*** Begin section ***
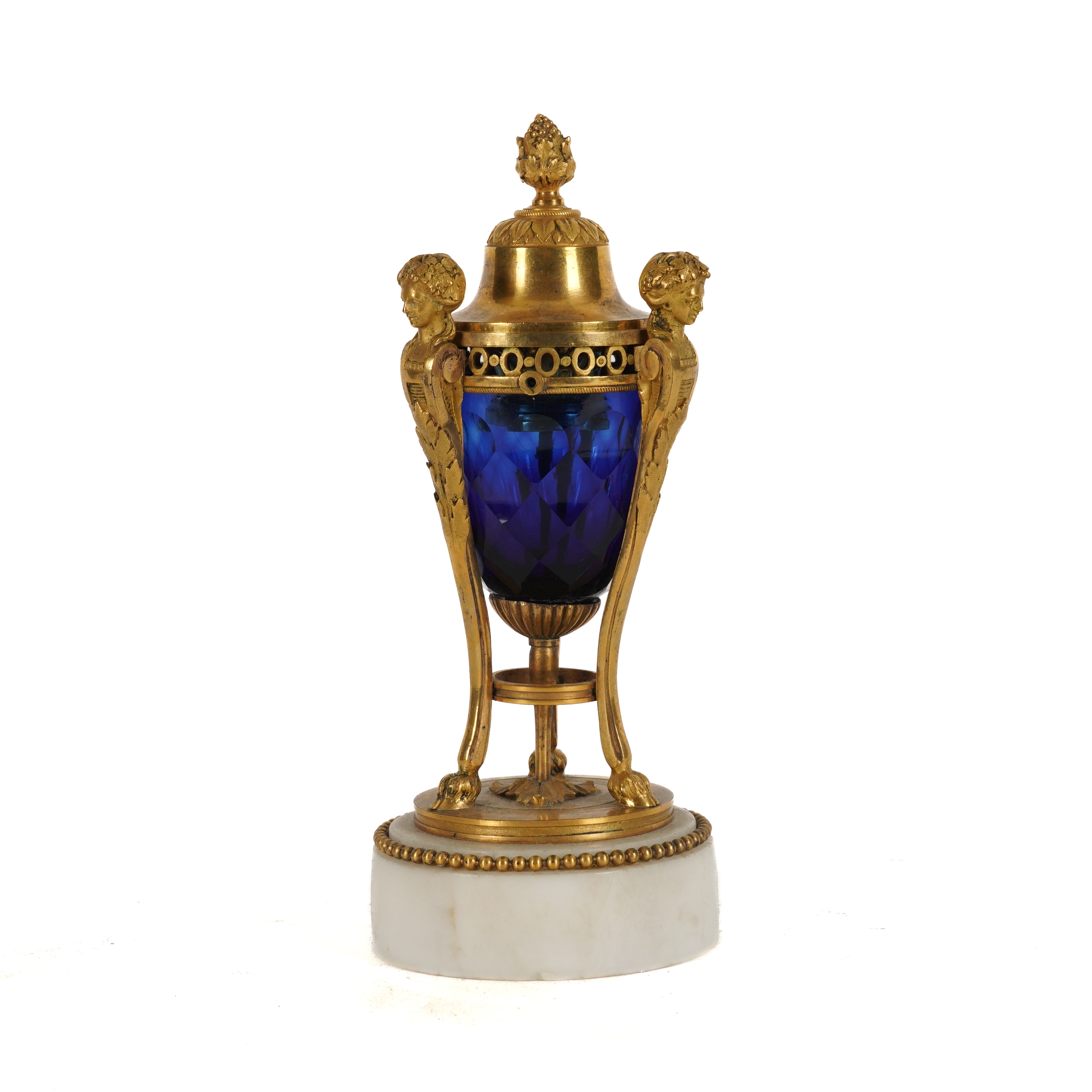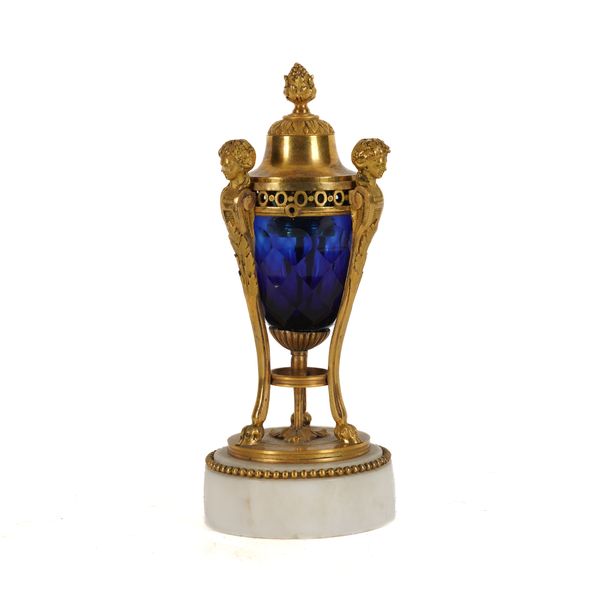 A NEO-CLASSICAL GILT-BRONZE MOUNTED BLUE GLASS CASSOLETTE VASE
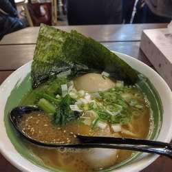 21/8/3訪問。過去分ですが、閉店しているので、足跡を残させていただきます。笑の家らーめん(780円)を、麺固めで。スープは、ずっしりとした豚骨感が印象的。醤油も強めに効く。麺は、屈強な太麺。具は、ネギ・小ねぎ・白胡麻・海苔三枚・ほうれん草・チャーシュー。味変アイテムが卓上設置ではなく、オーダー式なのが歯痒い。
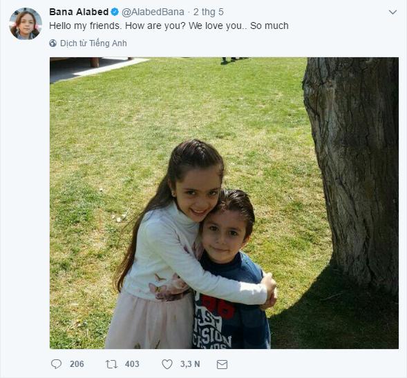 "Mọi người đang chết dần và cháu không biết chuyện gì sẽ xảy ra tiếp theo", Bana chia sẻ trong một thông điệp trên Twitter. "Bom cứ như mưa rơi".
*** End section ***
Write out, exactly and only, the lines from the one containing "21/8/3訪問。過去分です" through the last line of the material above. Pictures do not go in the copy.

▸ Task output:
 21/8/3訪問。過去分ですが、閉店しているので、足跡を残させていただきます。笑の家らーめん(780円)を、麺固めで。スープは、ずっしりとした豚骨感が印象的。醤油も強めに効く。麺は、屈強な太麺。具は、ネギ・小ねぎ・白胡麻・海苔三枚・ほうれん草・チャーシュー。味変アイテムが卓上設置ではなく、オーダー式なのが歯痒い。
 "Mọi người đang chết dần và cháu không biết chuyện gì sẽ xảy ra tiếp theo", Bana chia sẻ trong một thông điệp trên Twitter. "Bom cứ như mưa rơi".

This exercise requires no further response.